第151話 2年目の春(その6)
入学式の翌日は片貝先輩の話題で持ちきりだった。
「ねえ、片貝先輩、かっこよかったよねー。ちょっと近づきがたい感じはあるけど、リーダーシップ取ってくれそう」
わたしは夕べ、ネット小説に面白いのがあったので最終話までついつい読んでしまった。半分夢の世界の中でクラスみんなの話をふんふんと聞いていた。
と、宇部くんがすすっと教室に入って来てよく通る声を出した。
「片貝先輩、運動会を縮小する案を公約にするつもりらしいよ」
「縮小?」
「うん。陸上軌道競走も廃止するって」
「え!?」
あ、思わず勢いで立ち上がってしまった。しょうがないか。話を続けてみよう。
わたしはやや大げさなリアクションでこう言ってみた。
「せっかくまた2組になって連勝記録に挑戦できると思ったのに」
「だよねー」
女子も男子も口々に残念がってくれる。
「そうかな? 陸上軌道競走に違和感持ってる人もいたんじゃないかな」
「うん。あれって3年生も気合十分で参加するじゃない? 受験勉強に専念したい人には結構きついものがあるよね」
「ああ、それもそうだね」
わたしはあっさりと陸上軌道競走否定派にも同意する。
「ちょっと。もよりは陸上軌道競走に燃えてるんじゃないの?」
女子の疑問に、わたしはごく簡単に答える。
「いやー、実はどっちでもいいんだよね」
「え?」
「あれ、なんか意外」
「うん、ジョーダイさんはもっと熱い人かなって思ったけどね」
わたしがクラスの中の妙な雰囲気に取り巻かれそうになった時、助け船が出た。
「もよちゃんは、こだわりがないんだよ。いい加減なんじゃなくって、平等なんだよ」
ちづちゃん。
「平等?」
「そうだよ」
わたしには分かった。ちづちゃんは堂々と話してるように見えて、口元が少し震えている。
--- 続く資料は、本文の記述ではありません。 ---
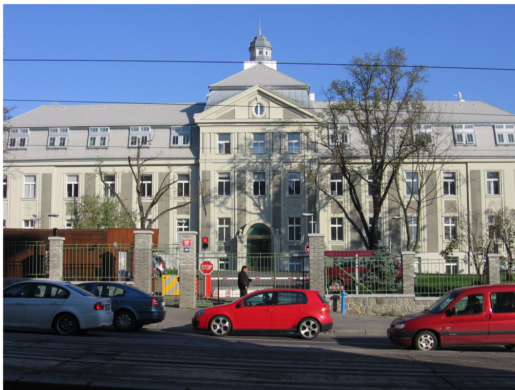
Domov sociální péče Hagibor

na trase Ládví - Letňany a nový fotbalový stadion SK Slavia Praha v Praze 10, který je kromě stadionu doplněn také administrativní, ubytovací a technickou částí i komerčními prostorami.
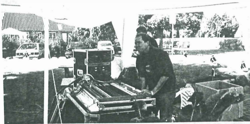
Danalund Ungdomshus stillede op med det store lydanlæg

そうなのだ。彼女の、その奥ゆかしさに抗って、わたしを助けようとしてくれている。
「運動のできる人・できない人、勉強のできる人・できない人、背の高い人・低い人、どの立場にもこだわらないんだよ。もよちゃんはどんな人の立場にもなれる、やさしい人」
「ああ。千鶴の言ってる意味はなんとなく分かる」
「うん、確かに。もよりは物事にあんまりこだわらないよね」
5人組の男子3人も最初は心配そうに口を開きたそうにしていたけれども、今はちづちゃんに任せている。何となくよしよし、となりそうな雰囲気になりかけたところで女子の1人が再び疑問を投げかける。
「でもそれってつまり信念が無いってことなんじゃないの?」
一瞬、しん、と静寂の間があった。
ゆっくりと口を開いたのは、やはりちづちゃんだった。
「偏った信念なら、無い方がいいんじゃないかな?」
疑問を投げた女子が、はっ、とした表情でちづちゃんを見つめ、答えた。